• Task item:
Below are records with pictures. Reproduce exactly the lines from the line with "四川西康公路规划勘察设计有限公司食材供应采购项目竞争谈判公告" to the line with "Les v kombinaciji", inclusive, and leave each picture out.

• Supplied records:

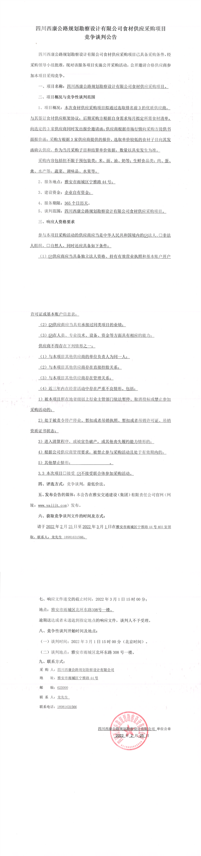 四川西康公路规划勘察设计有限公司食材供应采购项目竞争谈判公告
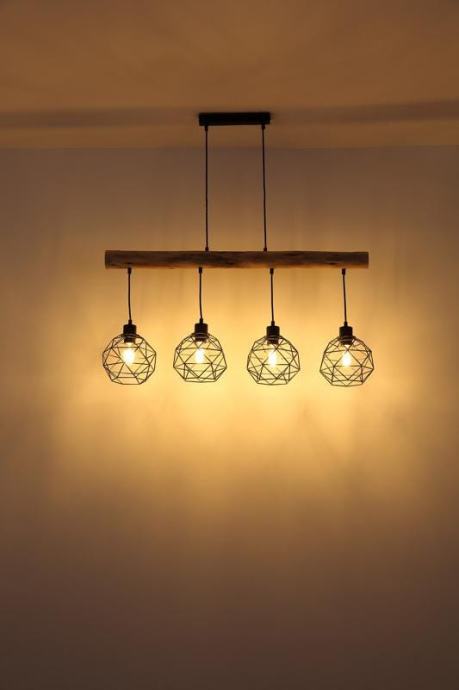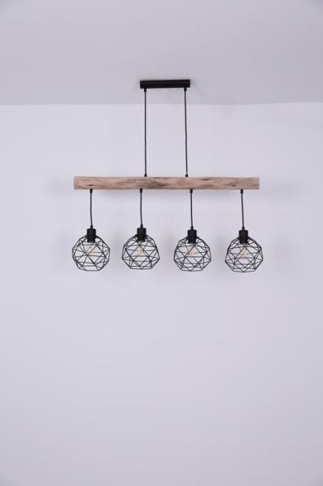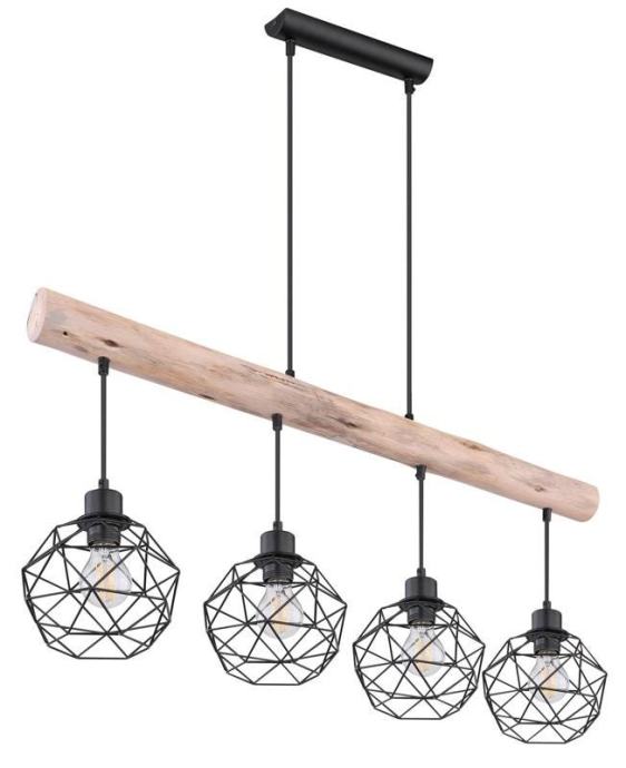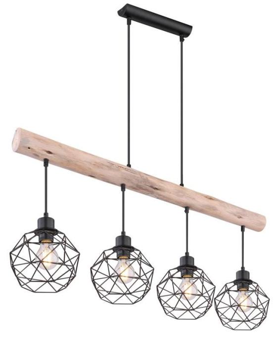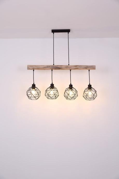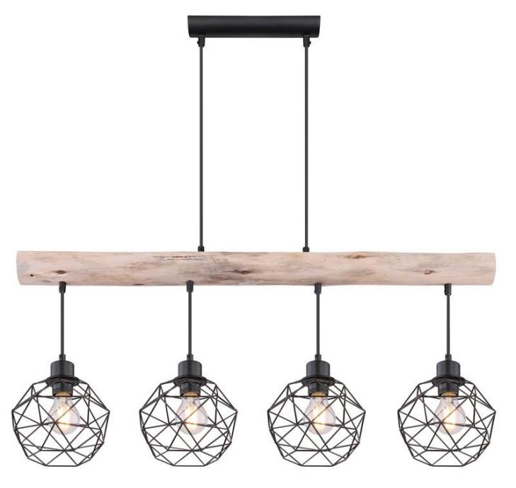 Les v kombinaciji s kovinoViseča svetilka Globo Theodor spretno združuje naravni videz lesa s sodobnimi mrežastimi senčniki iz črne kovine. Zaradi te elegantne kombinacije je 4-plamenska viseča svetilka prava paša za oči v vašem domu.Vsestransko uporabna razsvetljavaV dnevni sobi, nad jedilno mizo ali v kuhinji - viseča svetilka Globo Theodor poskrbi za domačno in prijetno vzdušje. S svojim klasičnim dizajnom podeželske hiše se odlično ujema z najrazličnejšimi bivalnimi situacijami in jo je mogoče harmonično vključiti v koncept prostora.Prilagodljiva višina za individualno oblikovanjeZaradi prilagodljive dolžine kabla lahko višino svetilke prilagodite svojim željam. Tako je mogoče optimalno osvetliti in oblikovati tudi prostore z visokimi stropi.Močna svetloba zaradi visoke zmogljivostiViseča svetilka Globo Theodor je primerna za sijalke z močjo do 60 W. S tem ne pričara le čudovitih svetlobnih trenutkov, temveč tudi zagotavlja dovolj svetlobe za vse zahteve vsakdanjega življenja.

--

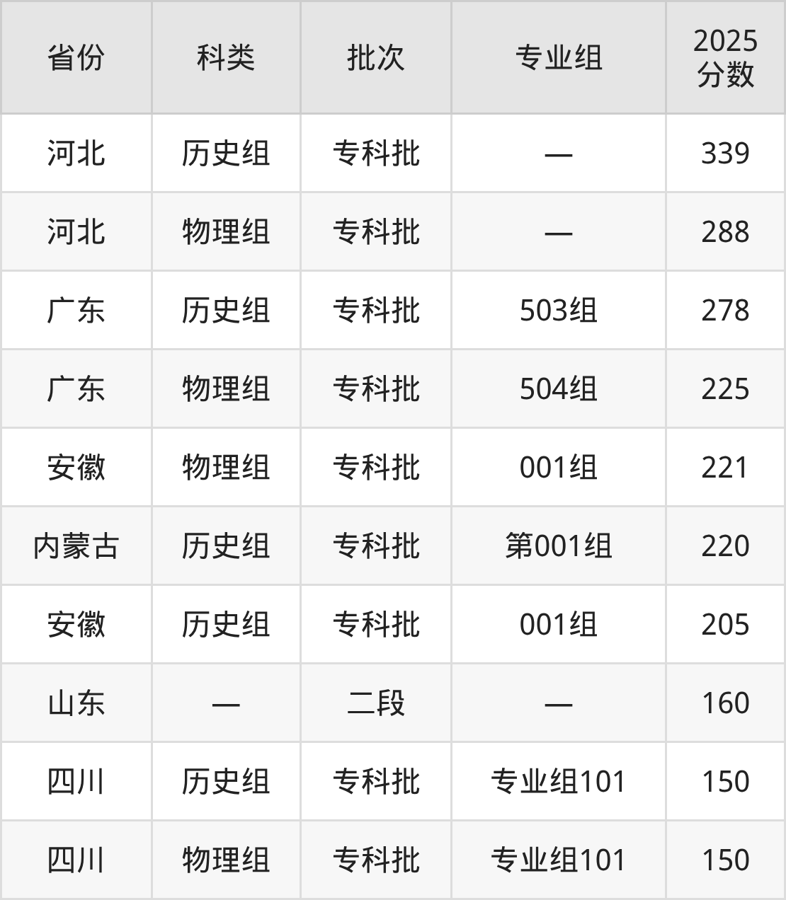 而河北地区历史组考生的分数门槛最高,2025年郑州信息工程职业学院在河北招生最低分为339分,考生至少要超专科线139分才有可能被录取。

• Answer to the exercise:
 四川西康公路规划勘察设计有限公司食材供应采购项目竞争谈判公告
 Les v kombinaciji s kovinoViseča svetilka Globo Theodor spretno združuje naravni videz lesa s sodobnimi mrežastimi senčniki iz črne kovine. Zaradi te elegantne kombinacije je 4-plamenska viseča svetilka prava paša za oči v vašem domu.Vsestransko uporabna razsvetljavaV dnevni sobi, nad jedilno mizo ali v kuhinji - viseča svetilka Globo Theodor poskrbi za domačno in prijetno vzdušje. S svojim klasičnim dizajnom podeželske hiše se odlično ujema z najrazličnejšimi bivalnimi situacijami in jo je mogoče harmonično vključiti v koncept prostora.Prilagodljiva višina za individualno oblikovanjeZaradi prilagodljive dolžine kabla lahko višino svetilke prilagodite svojim željam. Tako je mogoče optimalno osvetliti in oblikovati tudi prostore z visokimi stropi.Močna svetloba zaradi visoke zmogljivostiViseča svetilka Globo Theodor je primerna za sijalke z močjo do 60 W. S tem ne pričara le čudovitih svetlobnih trenutkov, temveč tudi zagotavlja dovolj svetlobe za vse zahteve vsakdanjega življenja.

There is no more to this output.